DOS LETRAS
Yo voy corriendo detrás de una palabra. Fue arrojada por mi boca como una piedra. Atravesó el aire que nos separaba, y pudo parecer que te cayó en los ojos, por que tus ojos se volvieron rojos de dolor y de lágrimas. Yo arrojé la palabra como quien abre las puertas de una jaula y libera a las aves. La palabra avecilla jamás sera apresada y oscureció el sol con sus dos negras alas.
Me habías preguntado: ¿ Me quieres todavía?

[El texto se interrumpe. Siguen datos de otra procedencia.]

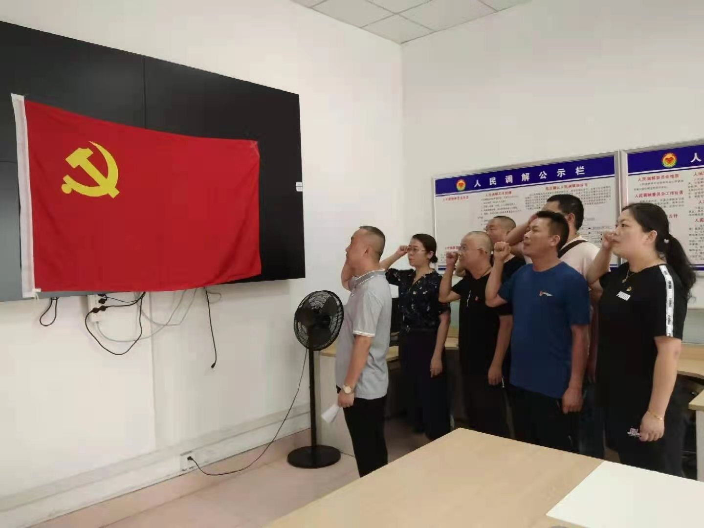 本次活动后,全体党员回到调解室面对党旗重温入党誓词,回顾入党时的初心使命。作为一名普通党员,参与并见证了在伟大的中国共产党带领下祖国实现了第一个百年奋斗目标,同时将以高昂的精神状态和昂扬的斗志为实现中华民族伟大复兴努力奋斗。
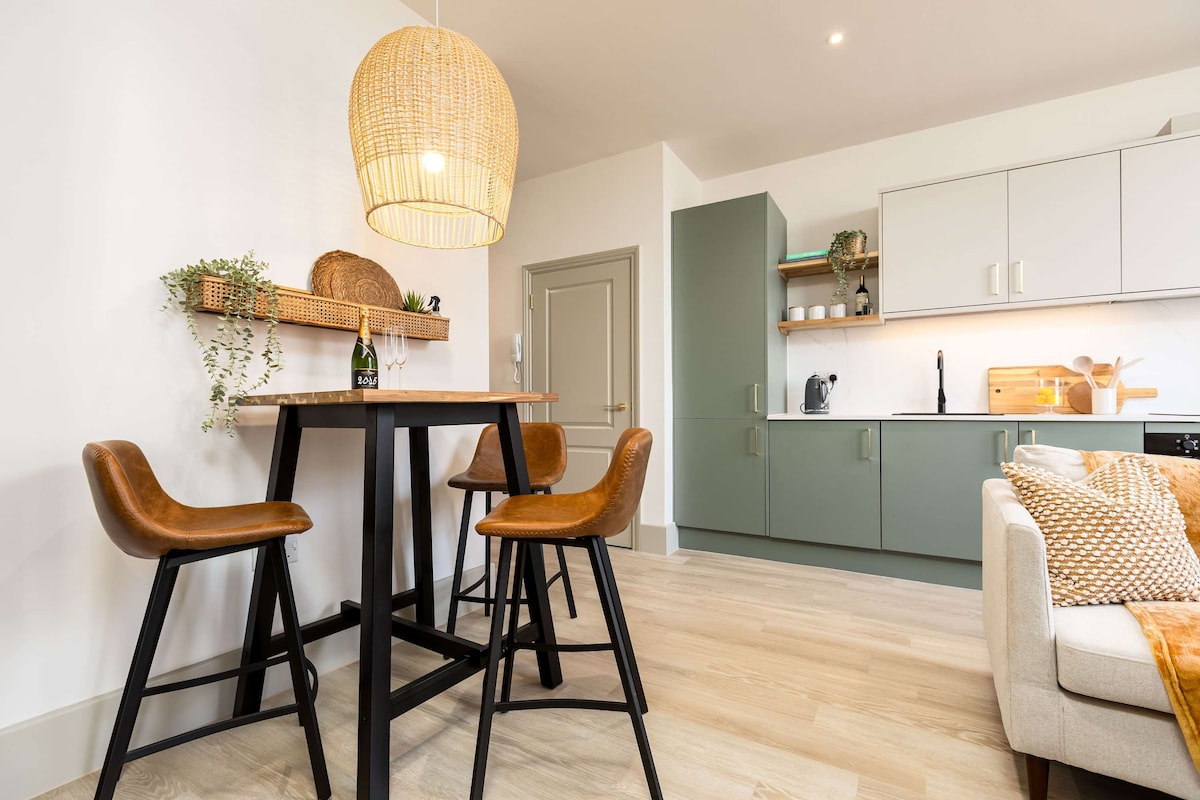 Nútímaleg íbúð á þriðju hæð með mögnuðu sjávarútsýni, nýlega fulluppgerð. Eignin er á fullkomnum stað fyrir orlofsgesti. Stutt 5 mínútna göngufjarlægð frá Boscombe-bryggju sem er með 8 mílna verðlaunaða gullna sandströnd og 1,5 km frá Bournemouth-bryggjunni og miðbænum. Boscombe göngusvæðið hefur upp á margt að bjóða fyrir gesti okkar, allt frá vatnaíþróttum til framúrskarandi gestrisni og er fullkominn valkostur fyrir gistingu eða viðskiptaferð. Insta: the_turret_apartment

La discusión pesaba aún entre nosotros. Me temblaban las manos, me temblaba la voz y las rodillas. Estaba herida, rabiosa, tensa, molesta..., tal vez también estaba temerosa, resguardándome detrás de esa armadura llena de espinas que es el orgullo. Y en vez de aquietar las aguas embravecidas, en vez de amansar el océano y convertirlo en un lago donde pudiéramos zambullirnos riendo y bebiéndonos la inmensidad del cielo reflejada en la piel, me contraje con un gesto de fiera agazapada y murmuré:
- No
¿ Me quieres todavía? No. ¿ Me quieres todavía? No. ¿Me quieres todavía? No. Desde ese instante me eché a correr detras de la palabra. Mi alma desbocada como un potro se lanzó tras ella. Había que atraparla. Pero no servían las lentes redes de cazar mariposas. Había que pescarla, pero no servían las largas líneas de pescar. Había que rescatarla de las aguas profundas. Había que traerla de las galaxias lejanas.
Palabra, palabrita pequeña, palabra de dos letras apenas, palabra de cuchillito, de sonido tan breve, de color tan intenso, palabra, palabrita con alitas de mosca, pósate en mi mano, vuelve, acércate a mi boca, entra en mí nuevamente y te tendre conmigo para siempre.
Pero no pude retenerla.
Fue directo a la herida, fue derecho a la duda, fue derecho al dolor. Y vi cómo pagabas el café y te arreglabas y tratabas de sonreír un "chau" al alejarte. Durante horas me quedé ahí, atragantándome con café, con desesperación y lágrimas.
Conociéndote como te conozco, sé que aunque volvamos a vernos, aunque nos estrechemos la mano y los cuerpos, nunca volverás a creer en la total plenitud de mi amor. Conociéndote como te conozco, sé que tendre que rogarte, que perseguirte, para que me creas nuevamente. Conociéndote como te conozco, sé que aunque en los momentos de alegría, en los momentos de luces y fuegos, la pequeña palabrita inalcanzable batirá sus alitas de mosca y pondrá una levísima sombre de permanente duda en tu mirada.
Y será mi enemiga, mi terrible enemiga para siempre, una palabra de tan solo dos letras.